127+ paper examples, study guides & outlines
International security is a central field in political science and international relations, concerned with how states, institutions, and non-state actors manage threats to peace and stability. Students encounter it in courses on foreign policy, global politics, and strategic studies, where it raises fundamental questions about power, sovereignty, and the conditions under which conflict emerges or is prevented. The field is academically rich because it sits at the intersection of history, theory, and policy, requiring writers to grapple with competing frameworks — including realism and critical security studies — and to assess how different actors define security goals and project power on the world stage.
The papers collected here reflect a wide range of approaches. Some are theoretical, comparing realist and constructivist frameworks to evaluate how security is defined and studied. Others take a case-study approach, examining specific contexts such as Israel's internal security, the Phoenix Program, or the Greater Middle East and Gulf region.

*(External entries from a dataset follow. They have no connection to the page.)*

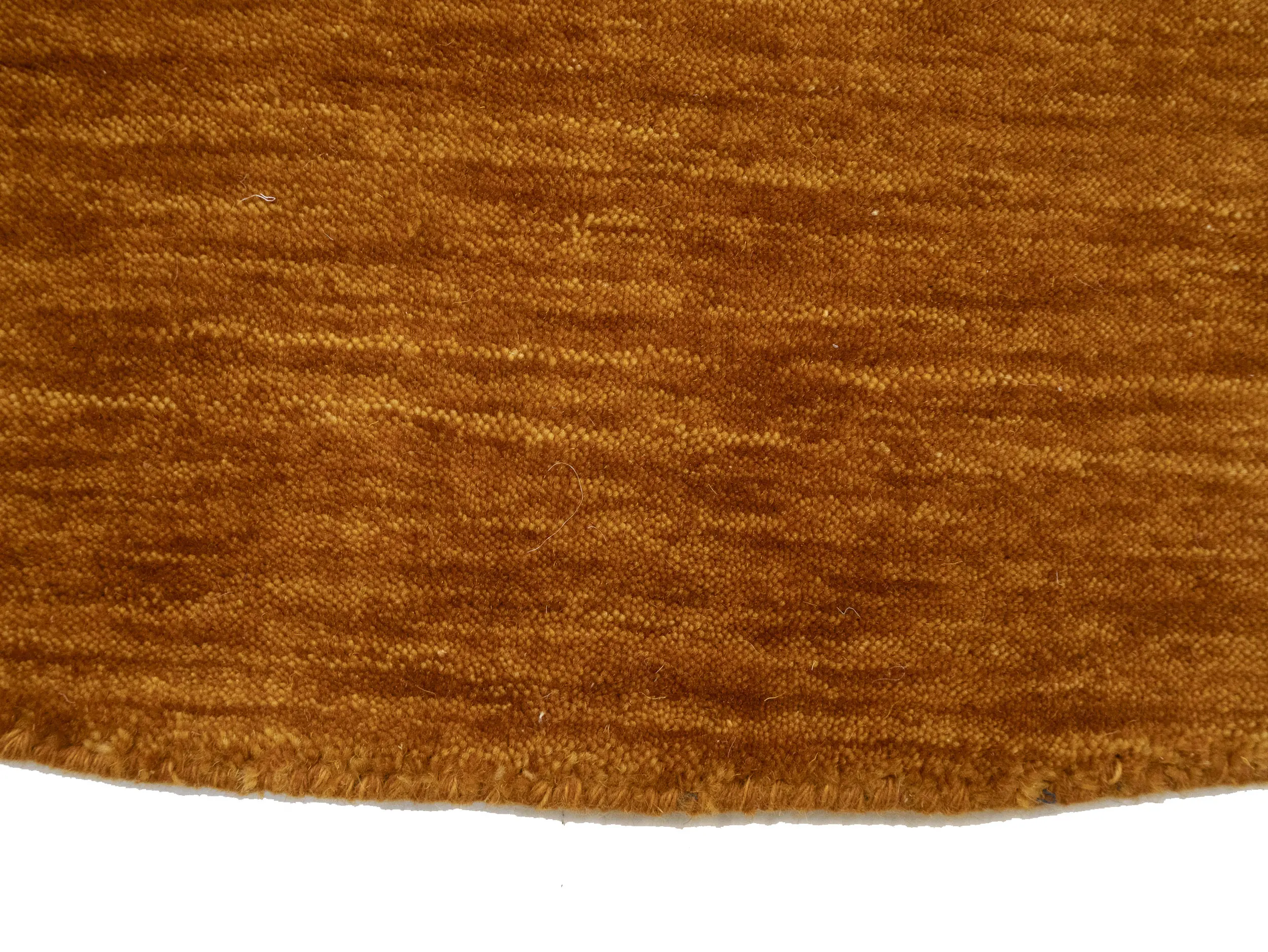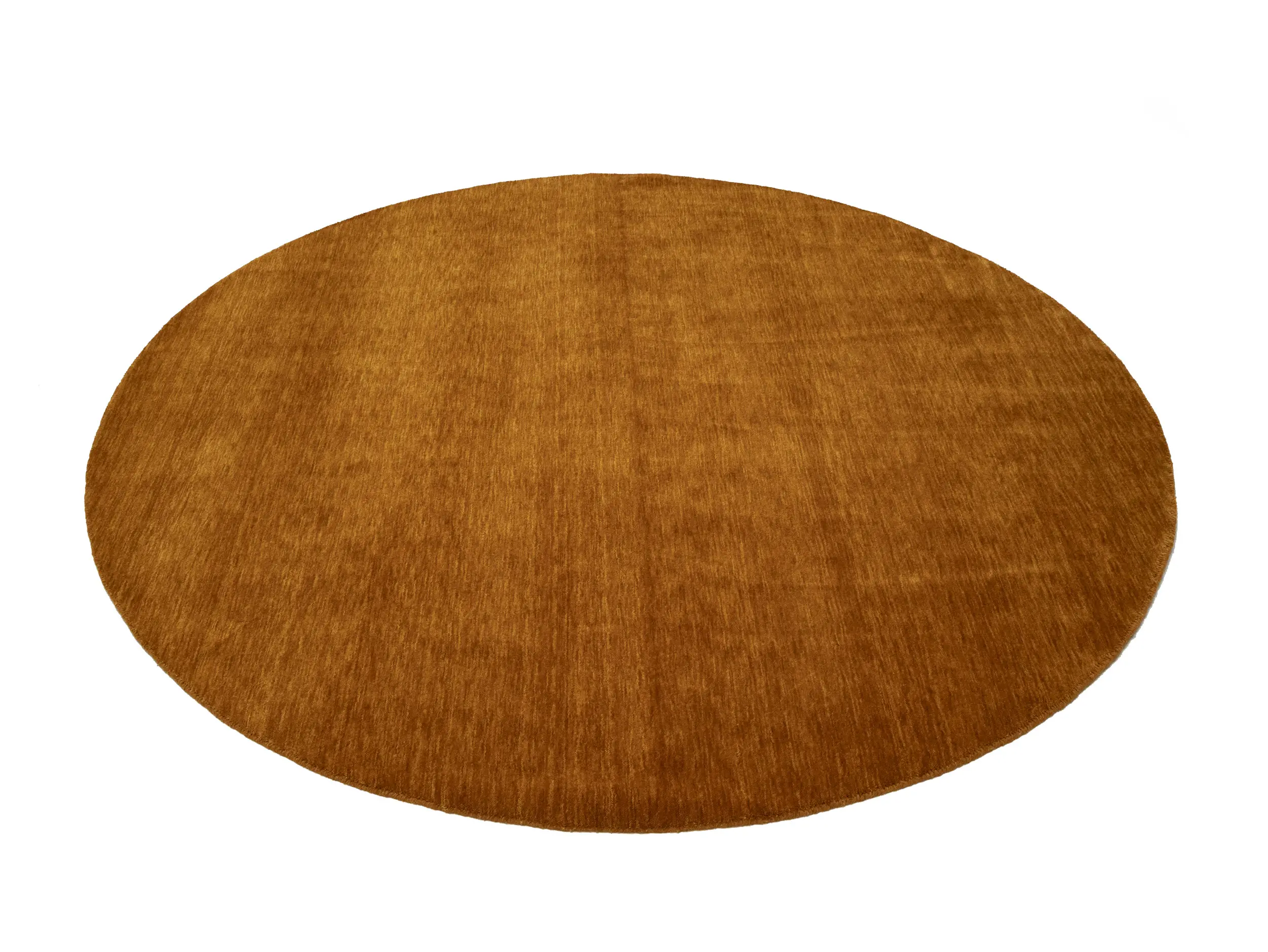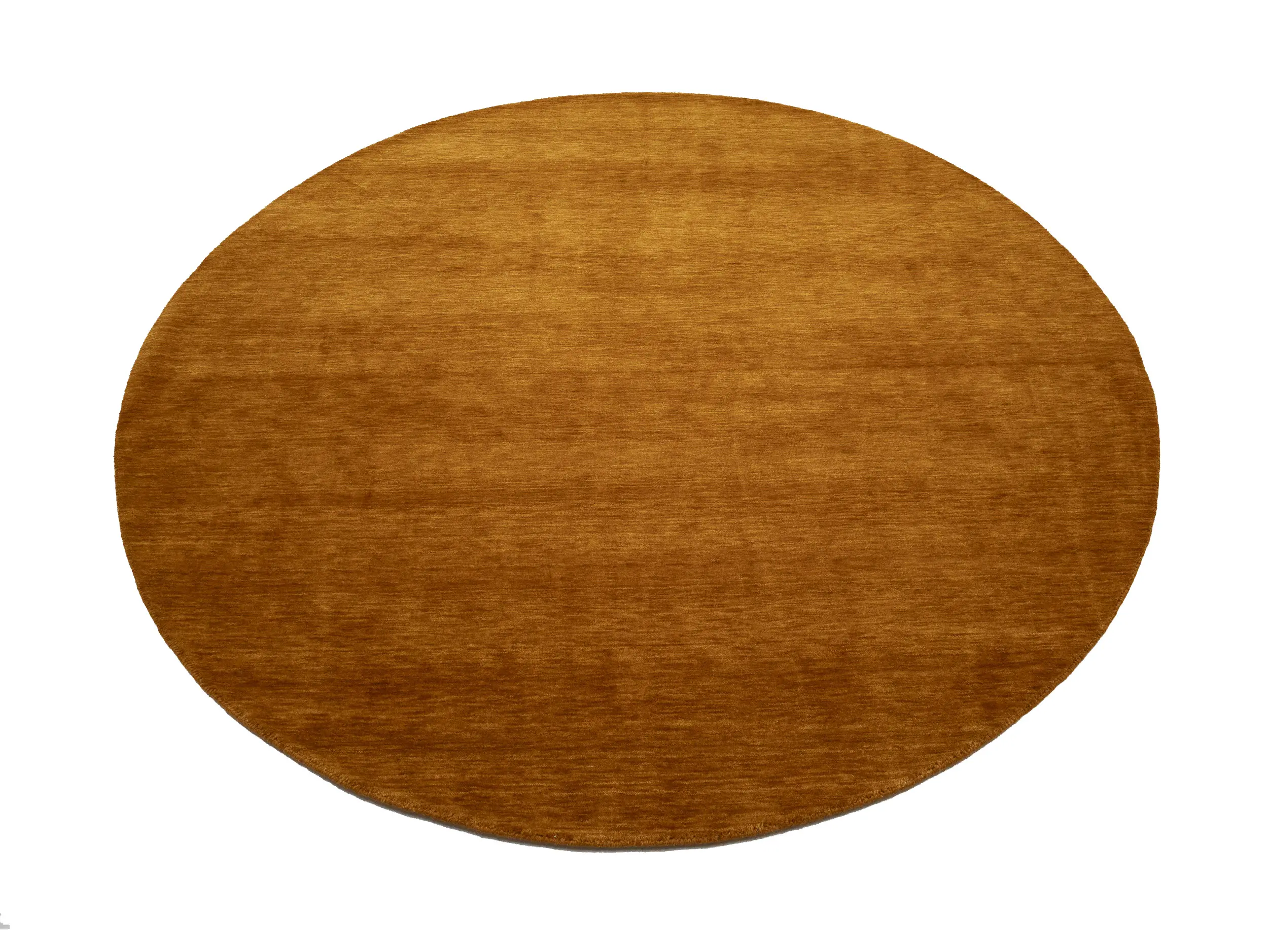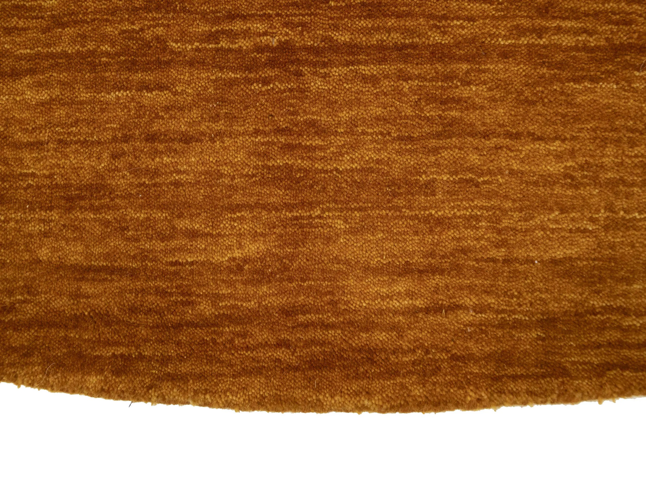 This hand-loomed 8X8 Orange Oriental Round rug from India features a modern, Solid design that seamlessly integrates traditional craftsmanship with contemporary style, showcasing a striking Orange primary color. It provides a luxuriant softness and durability underfoot, as it is constructed from premium wool with a cotton foundation. The rug is optimized for high-traffic areas due to its medium pile height and knot density of 100 knots per square inch, which ensures durability and comfort. This rug, which is in exceptional condition and was recently manufactured, is an ideal complement to any contemporary setting, providing both versatility and timeless elegance.
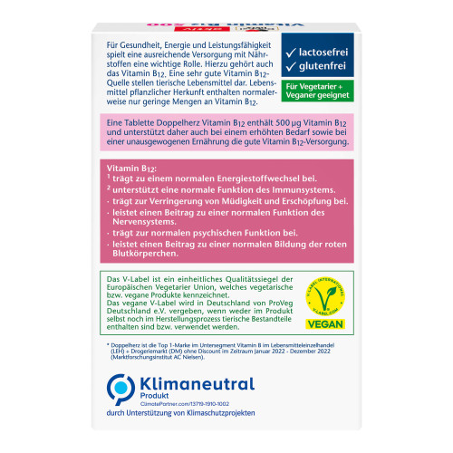 Der menschliche Körper kann Vitamin B12 nicht selbst herstellen und muss es über die Nahrung aufnehmen. Bei erhöhtem Bedarf, etwa im Alter oder durch eine rein vegane Ernährung, empfiehlt sich die Nahrungsergänzung von Doppelherz. Eine Mini-Tablette enthält 500 Mikrogramm hochdosiertes Vitamin B12 und hilft daher bei der Versorgung mit dem Vitamin.
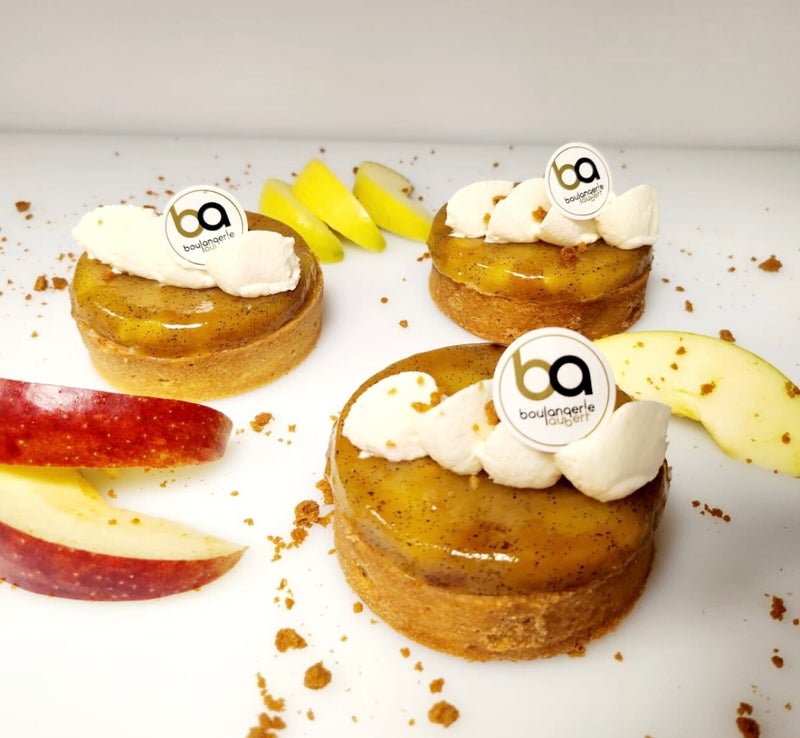 Pâte sablée amandes, Croustillant spéculoos, Crème brûlée vanille, pommes façon tatin
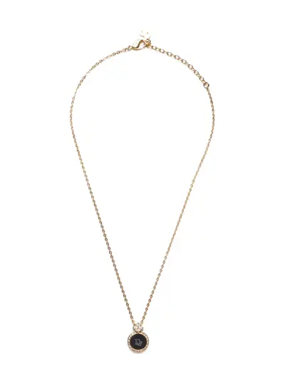 circa 1990-2015 gold-tone gold plated polished finish rhinestone embellishment cable-link chain circular pendant engraved logo signature CD logo pendant lobster-claw fastening adjustable fit Condition: GOOD. This previously owned and used item is in good condition with minimal signs of use. This may include fading of material or plating and scratches.

Several papers focus on institutions and policy, evaluating United Nations peacekeeping operations or American foreign security policies. Still others address transnational concerns like nuclear proliferation, the characteristics of nation-states versus transnational entities, and whole-of-government defence operations.
A strong essay on international security begins with a clearly scoped thesis that connects a specific actor, event, or policy to a broader theoretical or practical argument. Evidence drawn from historical examples, policy documents, and established frameworks tends to carry the most weight. One common pitfall is treating "security" as self-evident — strong papers acknowledge that the concept is contested and define it explicitly before building an argument.